◆ **DESCRIPTION OF THE TASK**: Transcribe the records below word for word, beginning with the first line and stopping after the line that contains "destaca Tarcísio Gomes."; pictures are not part of the copy.

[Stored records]

+---+

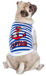 Parisian Pet 'Captain' Fun Sailor Dog Outfit – Soft and Breathable Nautical Pet Wear for Small Dogs & Cats, Blue & White Stripes
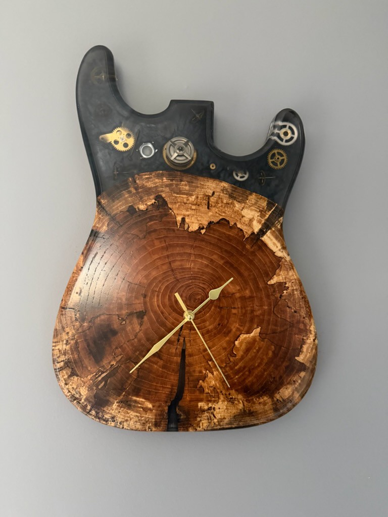 / George McCart – Guitar Clock #4 – Maple with Epoxy – 18 x 12
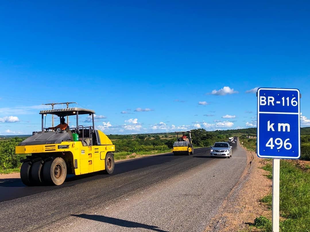 “Começando o dia com essas belas imagens da restauração da BR-116/Ceará, que já alcança o município de Brejo Santo, no sul do estado. Trecho desgastado que passa agora por recuperação total. Compromisso do Governo Jair Messias Bolsonaro com os cearenses sendo cumprido em excelente ritmo. Parabéns à superintendência do DNIT no estado, que também publicou hoje o edital para recuperarmos a BR-122/Ceará entre Quixadá e Banabuiú”, destaca Tarcísio Gomes.
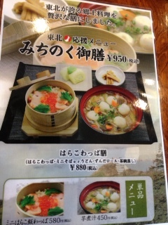 主人と映画「マンオブスティール」を観る前に、まるひろデパート入間店のファミリーレストランでランチ。私は、東北応援フェアのみちのく御膳にしました。主人は、はらこわっぱ膳で温かいお蕎麦のセット。みちのく御膳は、はらこわっぱ飯と芋煮、ずんだロール。主人が頼んだはらこわっぱ膳には、茶碗蒸しもついてきたので、少し分けてもらいました。昨日の一幸の茶碗蒸しの方が美味しかったかな。 はらこわっぱ飯は良かったけどね。 食べた後、まるひろデパートで、義母に敬老の日のプレゼントを買いました。 それはまた、別の日記に書きますね。
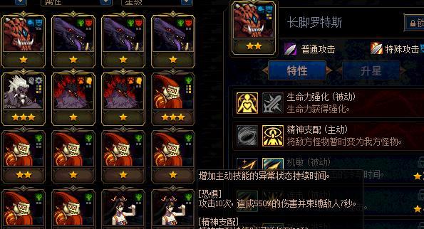 在谋略战中,玩家需要考虑长脚罗特斯的生命值和防御能力,以保证其在战斗中的存活率。在加点时需要适当强化其防御能力,选择加点于技能“吸血鬼”、“狂热”等,可以有效提高其生命恢复和防御能力。
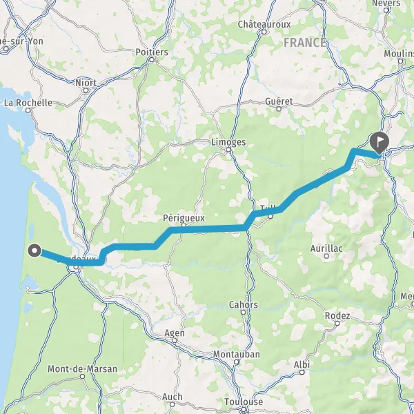 Au rond-point, prendre la 1ère sortie sur D6 (Avenue de Bordeaux) et continuer sur 16 kilomètres

+---+

◆ **RESULT FOR THIS EXERCISE**:
 Parisian Pet 'Captain' Fun Sailor Dog Outfit – Soft and Breathable Nautical Pet Wear for Small Dogs & Cats, Blue & White Stripes
 / George McCart – Guitar Clock #4 – Maple with Epoxy – 18 x 12
 “Começando o dia com essas belas imagens da restauração da BR-116/Ceará, que já alcança o município de Brejo Santo, no sul do estado. Trecho desgastado que passa agora por recuperação total. Compromisso do Governo Jair Messias Bolsonaro com os cearenses sendo cumprido em excelente ritmo. Parabéns à superintendência do DNIT no estado, que também publicou hoje o edital para recuperarmos a BR-122/Ceará entre Quixadá e Banabuiú”, destaca Tarcísio Gomes.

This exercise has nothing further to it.